[PROMPT]
Among the lines of the listing below, retype exactly those from the one containing "En antikk kopp" through the one containing "70歲的志愿者何師義每周都要為90歲的郭瑞浦老人量血壓 杜小偉 攝", both included. Do not include pictures.

[LISTED ENTRIES]
*****
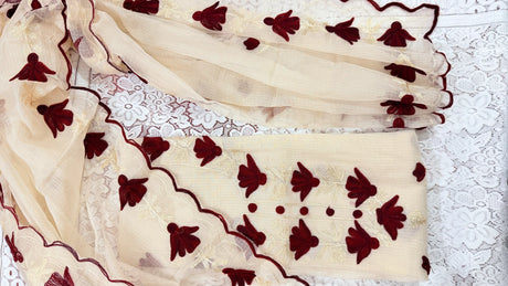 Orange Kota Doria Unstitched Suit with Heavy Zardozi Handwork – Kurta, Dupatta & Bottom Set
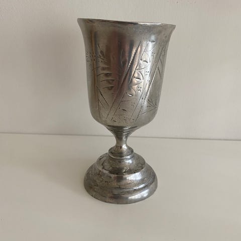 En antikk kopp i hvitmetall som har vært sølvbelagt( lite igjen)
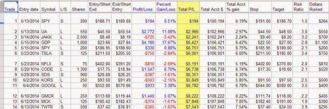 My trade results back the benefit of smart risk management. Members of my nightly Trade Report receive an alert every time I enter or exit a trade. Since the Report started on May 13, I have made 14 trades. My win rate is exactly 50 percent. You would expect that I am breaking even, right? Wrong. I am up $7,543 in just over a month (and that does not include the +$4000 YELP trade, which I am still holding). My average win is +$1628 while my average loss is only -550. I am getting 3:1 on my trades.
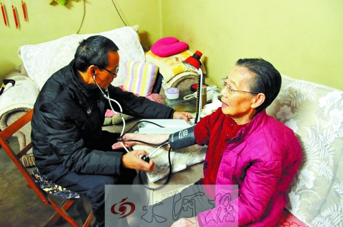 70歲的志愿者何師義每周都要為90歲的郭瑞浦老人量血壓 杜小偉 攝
*****
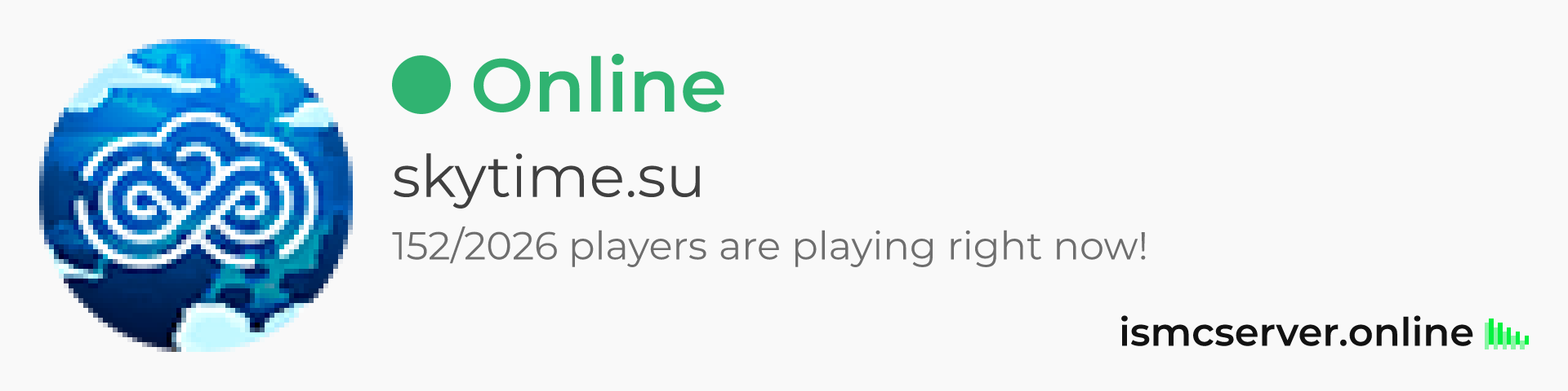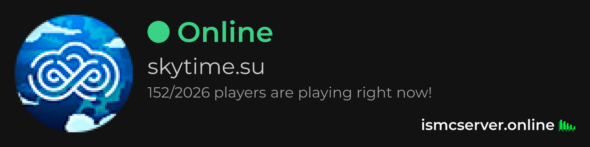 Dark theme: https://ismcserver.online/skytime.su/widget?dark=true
*****
[SOLUTION TO THIS PROBLEM]
 En antikk kopp i hvitmetall som har vært sølvbelagt( lite igjen)
 My trade results back the benefit of smart risk management. Members of my nightly Trade Report receive an alert every time I enter or exit a trade. Since the Report started on May 13, I have made 14 trades. My win rate is exactly 50 percent. You would expect that I am breaking even, right? Wrong. I am up $7,543 in just over a month (and that does not include the +$4000 YELP trade, which I am still holding). My average win is +$1628 while my average loss is only -550. I am getting 3:1 on my trades.
 70歲的志愿者何師義每周都要為90歲的郭瑞浦老人量血壓 杜小偉 攝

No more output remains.